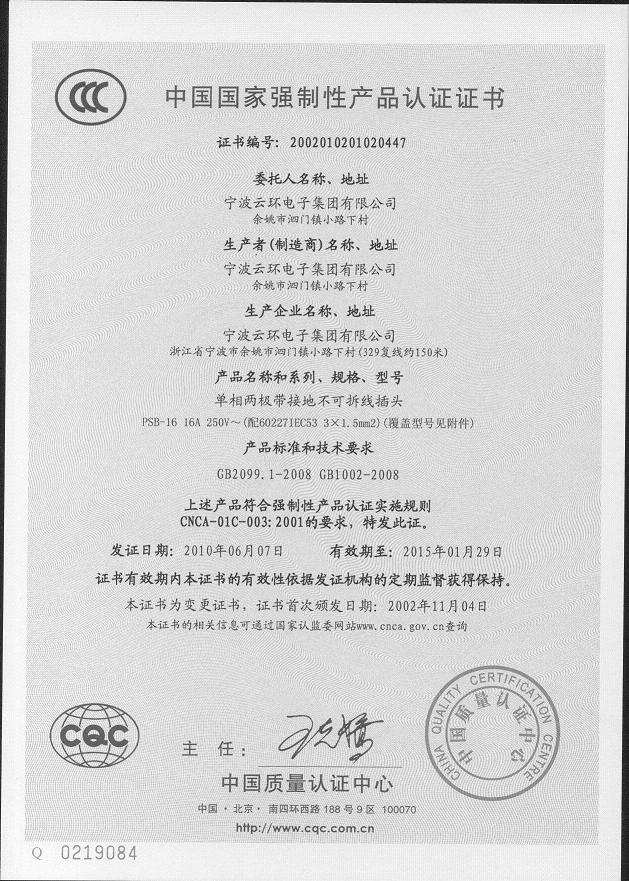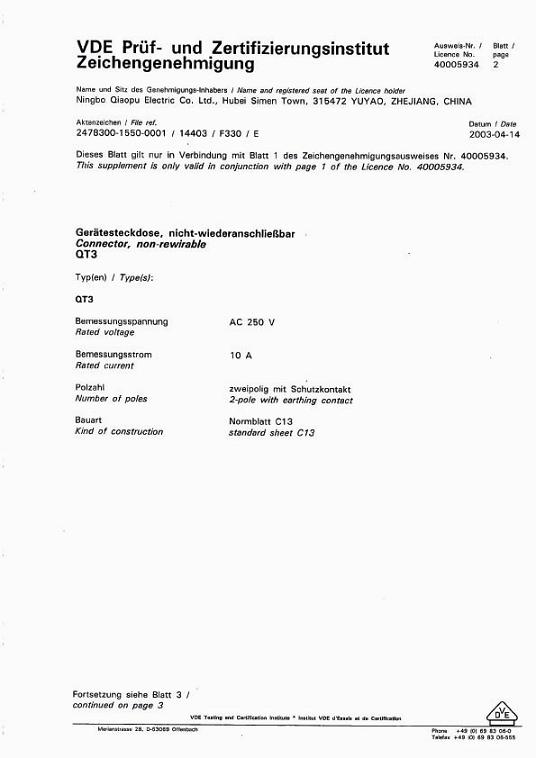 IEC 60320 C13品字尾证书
= = = =
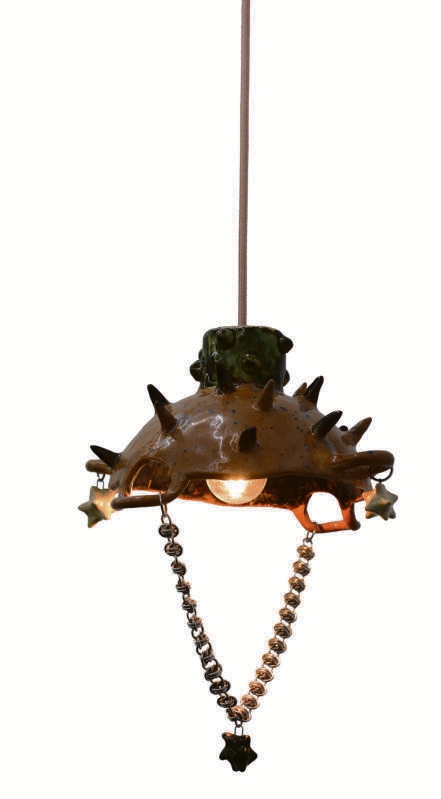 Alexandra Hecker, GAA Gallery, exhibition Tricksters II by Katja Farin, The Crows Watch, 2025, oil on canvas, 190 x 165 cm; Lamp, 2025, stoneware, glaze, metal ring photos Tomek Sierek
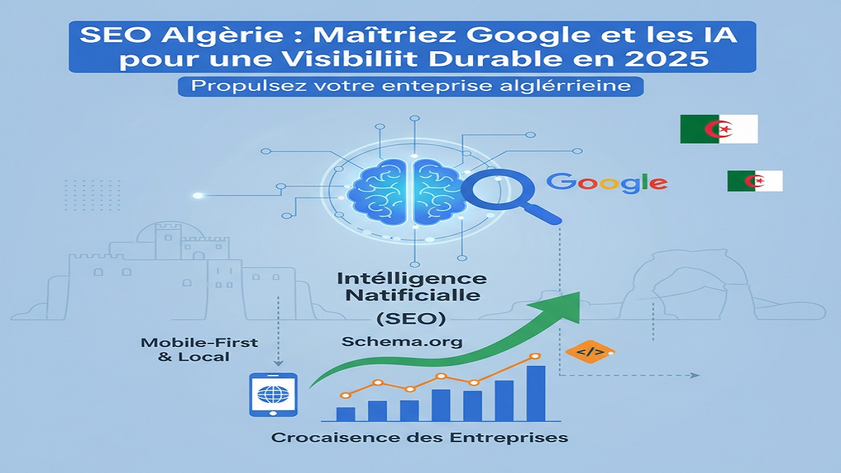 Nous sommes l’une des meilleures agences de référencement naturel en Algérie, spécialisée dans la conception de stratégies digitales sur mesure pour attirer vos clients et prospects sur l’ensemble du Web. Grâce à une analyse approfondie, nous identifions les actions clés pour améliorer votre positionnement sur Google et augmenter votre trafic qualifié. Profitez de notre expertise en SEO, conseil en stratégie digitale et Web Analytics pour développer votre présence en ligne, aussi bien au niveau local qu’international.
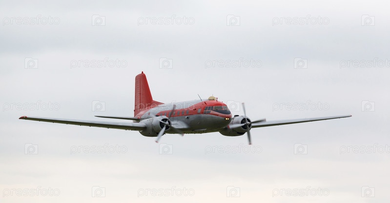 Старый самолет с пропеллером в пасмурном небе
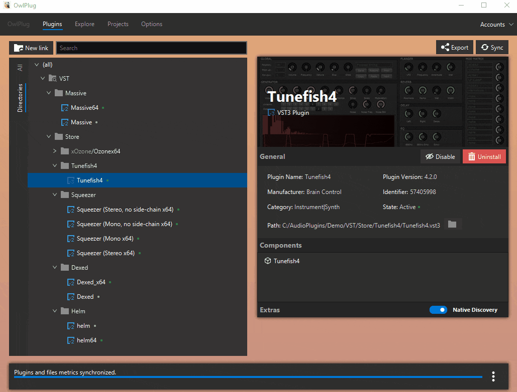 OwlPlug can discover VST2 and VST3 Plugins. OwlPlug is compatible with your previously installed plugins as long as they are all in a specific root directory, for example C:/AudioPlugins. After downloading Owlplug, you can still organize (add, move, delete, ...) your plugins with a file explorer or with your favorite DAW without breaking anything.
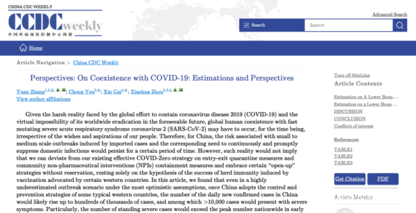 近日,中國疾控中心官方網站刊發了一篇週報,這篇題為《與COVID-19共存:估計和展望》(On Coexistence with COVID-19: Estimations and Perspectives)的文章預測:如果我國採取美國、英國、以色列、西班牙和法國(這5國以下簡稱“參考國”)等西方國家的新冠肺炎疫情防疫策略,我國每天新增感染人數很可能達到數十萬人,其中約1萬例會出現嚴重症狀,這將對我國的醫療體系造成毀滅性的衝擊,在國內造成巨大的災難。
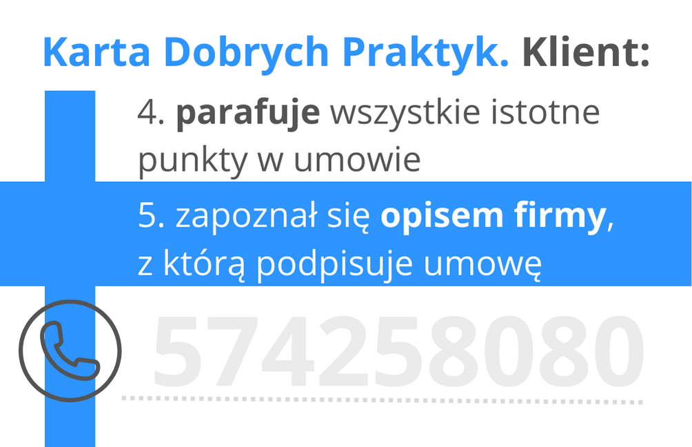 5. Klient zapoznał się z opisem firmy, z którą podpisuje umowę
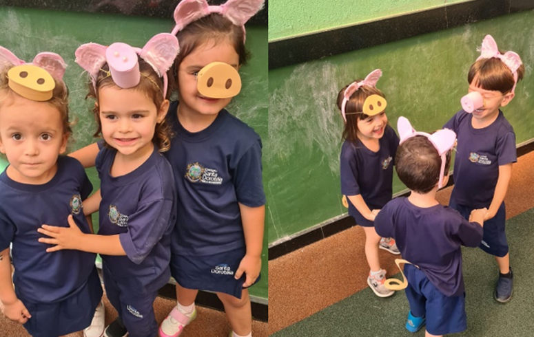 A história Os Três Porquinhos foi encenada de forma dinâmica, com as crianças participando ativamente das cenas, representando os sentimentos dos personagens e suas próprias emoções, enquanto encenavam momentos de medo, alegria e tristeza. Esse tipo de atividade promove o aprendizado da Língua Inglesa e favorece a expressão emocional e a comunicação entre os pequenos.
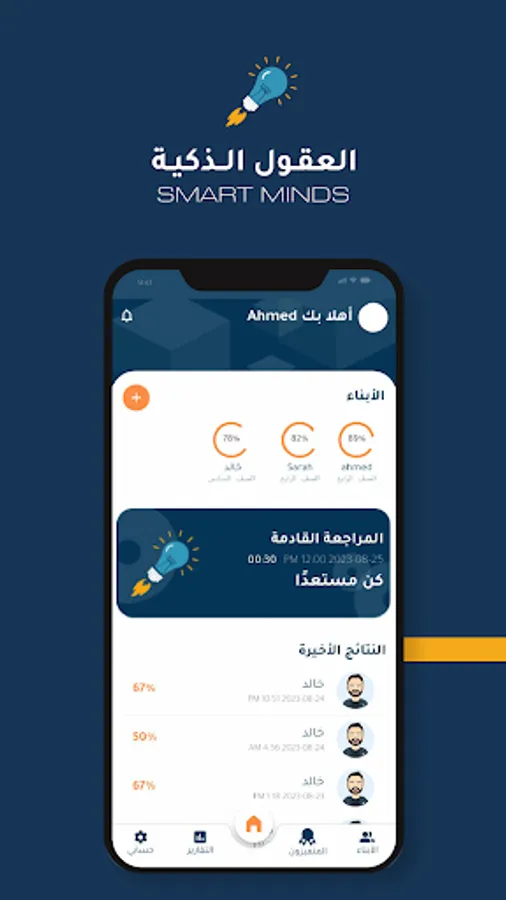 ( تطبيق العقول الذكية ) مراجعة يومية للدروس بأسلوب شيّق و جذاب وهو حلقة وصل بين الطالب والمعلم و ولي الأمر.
= = = =
EXERCISE >>
Leaving pictures out, output the lines of the data above from the one with "近日,中國疾控中心官方網站刊發了一篇週報,這篇題為《與COVID-19共存:估計和展望》(On Coexistence with" through the one with "( تطبيق العقول", word for word.

WRITTEN ANSWER >>
 近日,中國疾控中心官方網站刊發了一篇週報,這篇題為《與COVID-19共存:估計和展望》(On Coexistence with COVID-19: Estimations and Perspectives)的文章預測:如果我國採取美國、英國、以色列、西班牙和法國(這5國以下簡稱“參考國”)等西方國家的新冠肺炎疫情防疫策略,我國每天新增感染人數很可能達到數十萬人,其中約1萬例會出現嚴重症狀,這將對我國的醫療體系造成毀滅性的衝擊,在國內造成巨大的災難。
 5. Klient zapoznał się z opisem firmy, z którą podpisuje umowę
 A história Os Três Porquinhos foi encenada de forma dinâmica, com as crianças participando ativamente das cenas, representando os sentimentos dos personagens e suas próprias emoções, enquanto encenavam momentos de medo, alegria e tristeza. Esse tipo de atividade promove o aprendizado da Língua Inglesa e favorece a expressão emocional e a comunicação entre os pequenos.
 ( تطبيق العقول الذكية ) مراجعة يومية للدروس بأسلوب شيّق و جذاب وهو حلقة وصل بين الطالب والمعلم و ولي الأمر.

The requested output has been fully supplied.